By practicing strategic design it may be possible to provide the clarity of vision and reasoning required to effectively influence multiple open source communities to work more cohesively. Strategic design is is the application of future-oriented design principles in order to increase an organization’s innovative and competitive qualities. Tim Brown, CEO of IDEO, summarizes some the purposes of design thinking (a major element of strategic design) really well in his Strategy by Design article.

At Red Hat we have recently begun testing this theory by organizing a design practice trial. The design practice trial team consisted of experts on various technologies from the field and engineering along with user experience experts.

IMG_2282

Part of the workshop trial team (During the final exercise on Day 3)

The premise for our design practice trial was simple:

•       Identify a common problem taking place across our customers using multiple open source products.
•       Analyze how the problem can be solved using the products.
•       Conceptualize an ideal user experience starting from a blank slate.
•       Share what was discovered with community leaders and product managers to assist with incremental improvement and influence direction toward the ideal user experience.

Identify
The common problem we found was organizations struggling to design re-usable services effectively.  The persona we identified for our trial was the service designer. The service designer identifies, qualifies, builds, and manages entries in a service catalog for self-service consumption by consumers.

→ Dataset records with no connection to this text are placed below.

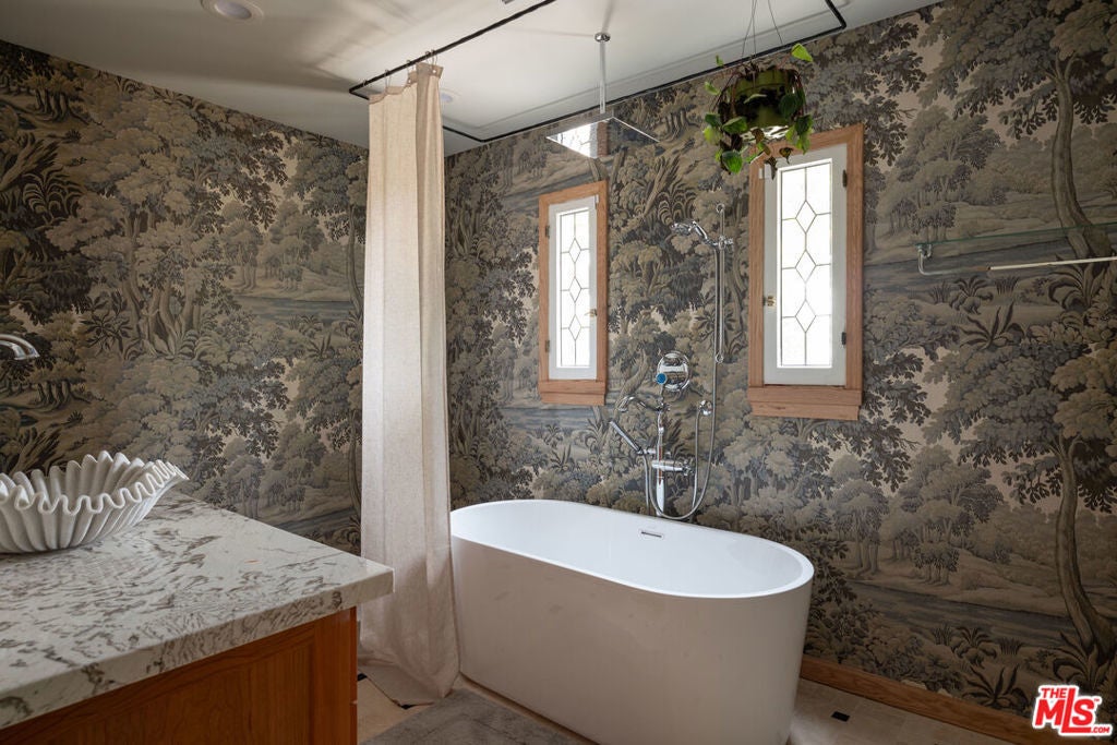 Organic 1930's Spanish located on a quiet street just above the boulevard in Studio City, with beautiful valley and city views. Private and secluded, this special offering has undergone a recent remodel, retaining character details such as apparent beams, stained glass windows, original fireplace, amongst many, yet outfitted with all of today's modern amenities providing an ideal lifestyle for the Spanish architecture aficionados. The light and bright floorplan is composed of 1 bedroom upstairs with en-suite bathroom, a sunk in living area that opens to a massive deck overlooking the lush yard, a chic kitchen adjacent to the dining space and powder room complete the public area. The lower separate level is its own private suite with bathroom, office nook and patio. The exterior offers a huge deck, perfect for dining al fresco and entertaining, expansive views and multiple levels of useable yard space featuring many green areas and fruit trees. With a large two car garage, and short distance to Carpenter Schools, Fryman Canyon trails and all the restaurants/shops/bars that Studio City has to offer, this very special retreat is one to not be missed. Available for long and short terms, fully or partially furnished, and unfurnished.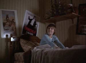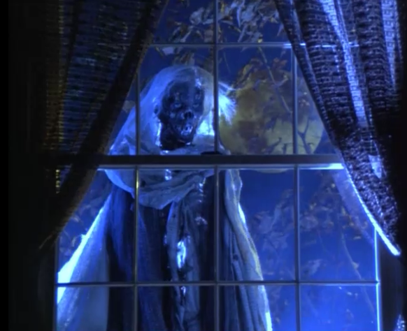 Let me first say that this kid is pretty cool. Noted he came from a Tom Atkins’ character’s loins but still, his room decor and choice of comics makes him a friend of Veggiemacabre. Anyway, he is also awesome because he is not scared at all of this thing looking in his window…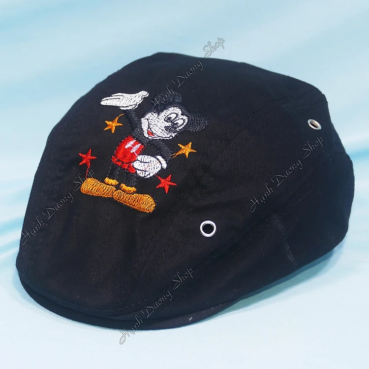Mũ bê rê trẻ em dành cho bé từ 2 đến 4 tuổi thêu hình chuột Mickey thời trang, có đuôi dán tăng giảm size như ý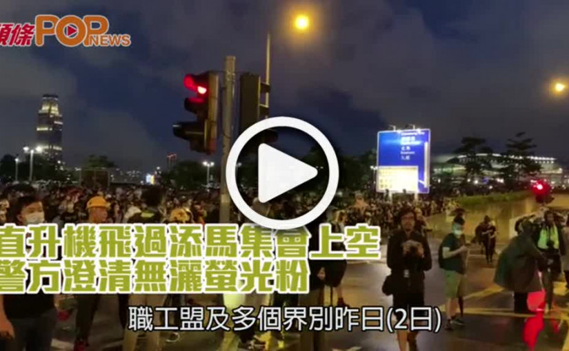 直升機飛過添馬集會上空 警方澄清無灑螢光粉

The service designer would like to easily design and publish re-usable entries in a catalog from the widest range of possible items.

Analyze
The products we used to analyze the current user experience are:

•       OpenStack to deliver Infrastructure as a Service (IaaS)
•       OpenShift to deliver Platform as a Service (PaaS)
•       ManageIQ (CloudForms) to deliver a Cloud Management Platform (CMP)
•       Pulp and Candlepin (Satellite) to deliver a Content Mirroring and Entitlement
•       Ansible (Tower) to deliver automation

Looking across our communities we find lots of “items” in each project. OpenStack provides Heat Templates, OpenShift provides Kubernetes Templates, Ansible provides play books, and on and on. In addition to this, the service designer would likely want to mix items from outside of these projects for use in a catalog entry, including public cloud and SaaS services.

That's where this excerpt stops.